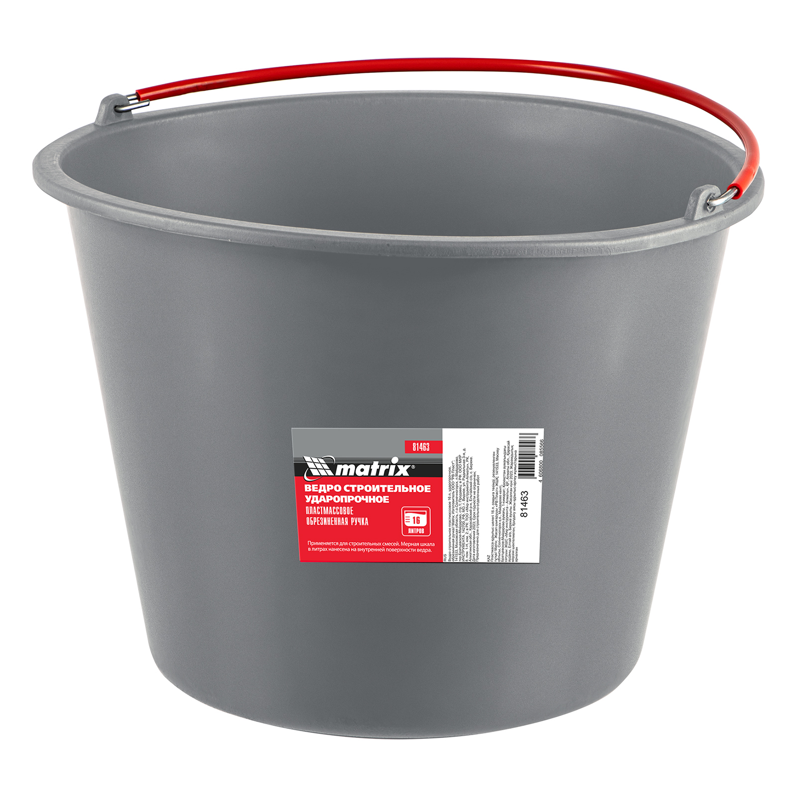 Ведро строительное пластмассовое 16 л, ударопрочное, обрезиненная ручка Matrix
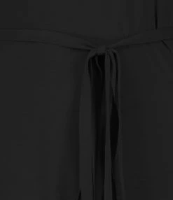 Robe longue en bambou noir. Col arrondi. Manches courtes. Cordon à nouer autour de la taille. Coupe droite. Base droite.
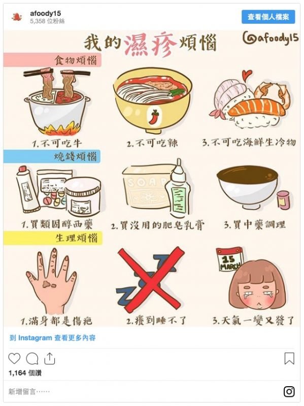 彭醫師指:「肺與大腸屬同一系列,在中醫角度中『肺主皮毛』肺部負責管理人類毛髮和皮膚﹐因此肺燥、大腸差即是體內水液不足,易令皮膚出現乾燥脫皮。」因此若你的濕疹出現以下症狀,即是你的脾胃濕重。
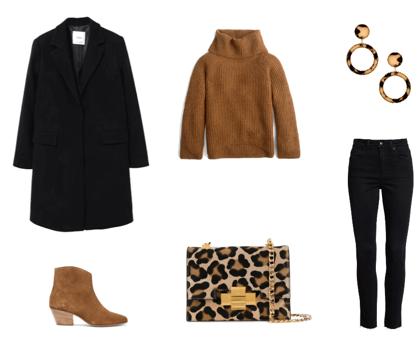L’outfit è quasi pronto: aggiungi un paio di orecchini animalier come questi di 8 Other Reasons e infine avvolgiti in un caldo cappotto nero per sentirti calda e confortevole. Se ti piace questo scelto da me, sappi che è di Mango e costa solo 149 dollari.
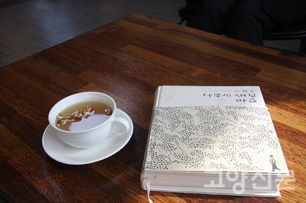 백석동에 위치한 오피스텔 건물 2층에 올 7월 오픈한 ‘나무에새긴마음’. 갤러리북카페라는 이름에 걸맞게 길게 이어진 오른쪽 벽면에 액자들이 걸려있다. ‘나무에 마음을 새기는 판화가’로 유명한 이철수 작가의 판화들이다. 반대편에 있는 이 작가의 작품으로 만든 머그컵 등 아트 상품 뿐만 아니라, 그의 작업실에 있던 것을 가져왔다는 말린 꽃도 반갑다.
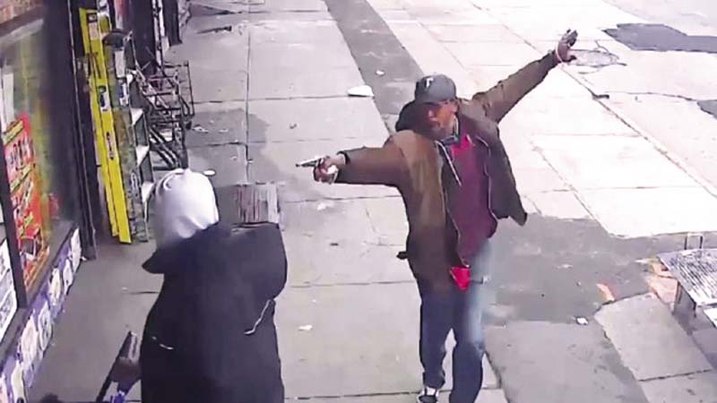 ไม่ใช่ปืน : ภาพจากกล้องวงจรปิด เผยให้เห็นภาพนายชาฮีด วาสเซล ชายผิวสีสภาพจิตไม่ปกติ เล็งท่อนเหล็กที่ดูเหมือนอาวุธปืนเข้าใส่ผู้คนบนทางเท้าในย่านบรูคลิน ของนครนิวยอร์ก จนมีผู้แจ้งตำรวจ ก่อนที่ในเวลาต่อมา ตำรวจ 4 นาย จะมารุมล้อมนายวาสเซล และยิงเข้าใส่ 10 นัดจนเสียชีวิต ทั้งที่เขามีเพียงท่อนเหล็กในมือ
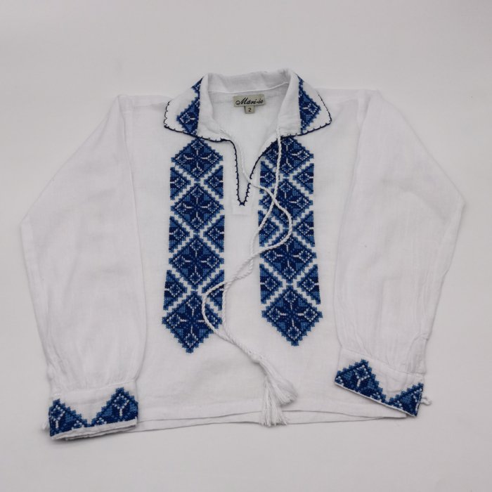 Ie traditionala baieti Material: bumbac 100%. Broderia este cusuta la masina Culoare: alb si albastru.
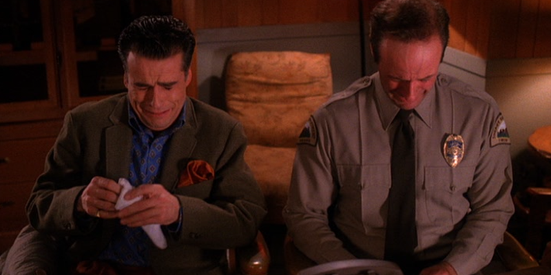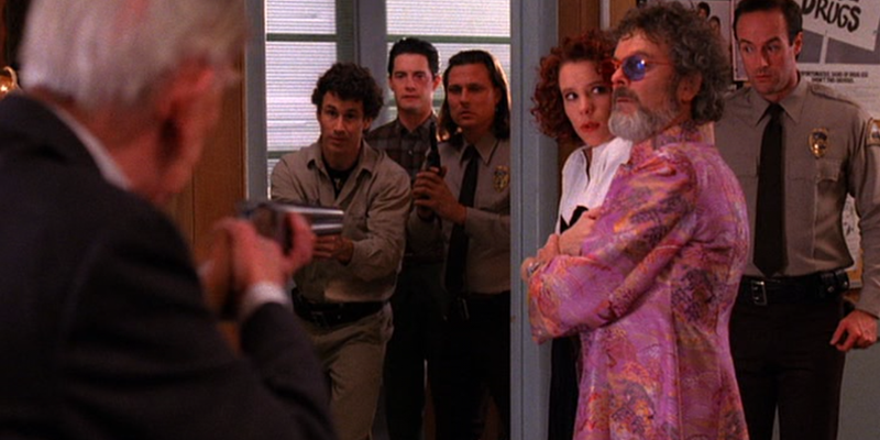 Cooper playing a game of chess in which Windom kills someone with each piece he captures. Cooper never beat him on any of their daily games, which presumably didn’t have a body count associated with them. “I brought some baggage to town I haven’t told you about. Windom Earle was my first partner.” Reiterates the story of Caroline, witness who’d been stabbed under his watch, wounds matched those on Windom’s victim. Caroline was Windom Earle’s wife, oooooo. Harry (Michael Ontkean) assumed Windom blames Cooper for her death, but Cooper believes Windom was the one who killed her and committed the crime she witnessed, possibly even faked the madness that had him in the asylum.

++++++++++++++++++++

> [WHAT IS NEEDED] Repeat the data exactly as given. Keep every picture out of the copy.

> [EXPECTED ANSWER]
 Ведро строительное пластмассовое 16 л, ударопрочное, обрезиненная ручка Matrix
 Robe longue en bambou noir. Col arrondi. Manches courtes. Cordon à nouer autour de la taille. Coupe droite. Base droite.
 彭醫師指:「肺與大腸屬同一系列,在中醫角度中『肺主皮毛』肺部負責管理人類毛髮和皮膚﹐因此肺燥、大腸差即是體內水液不足,易令皮膚出現乾燥脫皮。」因此若你的濕疹出現以下症狀,即是你的脾胃濕重。
L’outfit è quasi pronto: aggiungi un paio di orecchini animalier come questi di 8 Other Reasons e infine avvolgiti in un caldo cappotto nero per sentirti calda e confortevole. Se ti piace questo scelto da me, sappi che è di Mango e costa solo 149 dollari.
 백석동에 위치한 오피스텔 건물 2층에 올 7월 오픈한 ‘나무에새긴마음’. 갤러리북카페라는 이름에 걸맞게 길게 이어진 오른쪽 벽면에 액자들이 걸려있다. ‘나무에 마음을 새기는 판화가’로 유명한 이철수 작가의 판화들이다. 반대편에 있는 이 작가의 작품으로 만든 머그컵 등 아트 상품 뿐만 아니라, 그의 작업실에 있던 것을 가져왔다는 말린 꽃도 반갑다.
 ไม่ใช่ปืน : ภาพจากกล้องวงจรปิด เผยให้เห็นภาพนายชาฮีด วาสเซล ชายผิวสีสภาพจิตไม่ปกติ เล็งท่อนเหล็กที่ดูเหมือนอาวุธปืนเข้าใส่ผู้คนบนทางเท้าในย่านบรูคลิน ของนครนิวยอร์ก จนมีผู้แจ้งตำรวจ ก่อนที่ในเวลาต่อมา ตำรวจ 4 นาย จะมารุมล้อมนายวาสเซล และยิงเข้าใส่ 10 นัดจนเสียชีวิต ทั้งที่เขามีเพียงท่อนเหล็กในมือ
 Ie traditionala baieti Material: bumbac 100%. Broderia este cusuta la masina Culoare: alb si albastru.
 Cooper playing a game of chess in which Windom kills someone with each piece he captures. Cooper never beat him on any of their daily games, which presumably didn’t have a body count associated with them. “I brought some baggage to town I haven’t told you about. Windom Earle was my first partner.” Reiterates the story of Caroline, witness who’d been stabbed under his watch, wounds matched those on Windom’s victim. Caroline was Windom Earle’s wife, oooooo. Harry (Michael Ontkean) assumed Windom blames Cooper for her death, but Cooper believes Windom was the one who killed her and committed the crime she witnessed, possibly even faked the madness that had him in the asylum.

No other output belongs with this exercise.